Oh, Allison, you are definitely not alone in this.
The mirror is my enemy.
In my old home, when I remodeled the master bath, the huge mirror over the double vanity went, and I put in Jack-n-Jill matching vanities and small oval mirrors over each one, angled so I wouldn't see myself as I moved between the dressing area and the shower.
My new little bachelorette pad has one drawback, a huge bathroom mirror I can't avoid. I've ordered a plastic 'frosted glass' appliqué I can cover most of it with except for a small opening to use when (ugh) shaving or applying medication on my skin.
I DO have a full length mirror in the bedroom, quite narrow and placed so I only see myself in it when I deliberately stand in front of it. I use that to check my presentation when dressed, and only ever see Michelle in it.
Every morning when I get out of bed, the first thing I do is put on a wig cap and my 'house hair', an older wig I use for around the house. As I renew my hair, buying new wigs for use in public, the old one becomes the 'house hair.' The last thing at night is to put the wig back on it's stand on my dresser at the foot of my bed. Oh, the hair has to come off for certain things, putting on pullover tops, showers, the semiweekly buzz of the clippers over my remaining 'natural' hair, but that's it.

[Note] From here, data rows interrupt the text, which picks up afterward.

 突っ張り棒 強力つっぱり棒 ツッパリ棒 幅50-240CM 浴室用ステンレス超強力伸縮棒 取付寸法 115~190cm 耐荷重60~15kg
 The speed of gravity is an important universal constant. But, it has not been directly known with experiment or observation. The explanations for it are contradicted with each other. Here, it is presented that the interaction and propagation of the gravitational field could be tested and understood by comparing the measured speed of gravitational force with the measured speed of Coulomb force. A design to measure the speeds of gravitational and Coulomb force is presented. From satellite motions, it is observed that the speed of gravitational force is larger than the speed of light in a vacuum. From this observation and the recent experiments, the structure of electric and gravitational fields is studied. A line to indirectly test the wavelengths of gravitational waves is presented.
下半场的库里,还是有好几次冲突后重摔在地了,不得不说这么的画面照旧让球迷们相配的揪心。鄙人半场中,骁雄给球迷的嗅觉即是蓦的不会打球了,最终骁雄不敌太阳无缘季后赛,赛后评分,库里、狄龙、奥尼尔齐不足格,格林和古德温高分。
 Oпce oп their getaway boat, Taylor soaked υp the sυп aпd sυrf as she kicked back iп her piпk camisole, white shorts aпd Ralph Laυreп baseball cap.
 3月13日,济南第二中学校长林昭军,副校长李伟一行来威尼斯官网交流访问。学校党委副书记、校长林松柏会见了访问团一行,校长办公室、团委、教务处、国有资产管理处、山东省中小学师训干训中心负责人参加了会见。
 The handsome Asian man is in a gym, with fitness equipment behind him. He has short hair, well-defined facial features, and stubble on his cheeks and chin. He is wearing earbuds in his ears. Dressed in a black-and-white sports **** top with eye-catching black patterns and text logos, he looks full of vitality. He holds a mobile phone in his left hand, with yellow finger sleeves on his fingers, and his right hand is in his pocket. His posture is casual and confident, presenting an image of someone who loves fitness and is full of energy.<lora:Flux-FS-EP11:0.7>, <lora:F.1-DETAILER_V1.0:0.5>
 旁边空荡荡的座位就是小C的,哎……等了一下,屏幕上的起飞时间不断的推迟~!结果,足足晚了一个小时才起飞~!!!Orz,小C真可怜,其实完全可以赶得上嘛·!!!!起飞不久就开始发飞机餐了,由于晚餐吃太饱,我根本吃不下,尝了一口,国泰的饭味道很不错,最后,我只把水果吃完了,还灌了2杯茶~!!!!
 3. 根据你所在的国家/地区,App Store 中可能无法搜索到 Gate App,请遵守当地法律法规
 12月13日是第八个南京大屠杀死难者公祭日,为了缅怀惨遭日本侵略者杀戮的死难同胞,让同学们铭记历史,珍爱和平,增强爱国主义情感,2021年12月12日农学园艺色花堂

Just a couple of hours ago, I got dressed for my day (pullover top) and did my makeup with the hair off. As soon as I put the hair on, there was a tremendous sense of relief, and when I looked in the mirror, makeup on and hair in place, I felt like I had been lost and had just found myself, with a palpable sense of relief.
I'm pretty sure this counts as dysphoria, a tremendous sense of unease, the very opposite of euphoria.
That person I see in the mirror, stripped, hair gone, no makeup, isn't ME. It's the prison I had to live in, the Sad Old Man. When I'm dressed, made up properly, hair in place, I see ME in the mirror. I want so much to make that permanent, and never see the Sad Old Man again.
That's what really drives my transition.
I'm already pushing for FFS and a trach shave, even before GCS. I'm hoping experimental treatments in cloning follicle cells works, because I don't have the needed donor hair.
I'm so tired of playing the starring role in Monster vs The Villagers. I'd love it if people, on seeing me, really just saw She/Her/Hers. (They don't. I can have my presentation totally together, and friendly, accepting people who've just met me will misgender me. I don't pass.) It would be nice if moms at the park wouldn't look at me and pull their children away. I'm not going to throw them down the well. Really.
I'm not giving up. I'M NOT. I still have hope that someday everyone will just see HER. I'll get there somehow. I just have to beat the echo in the mirror.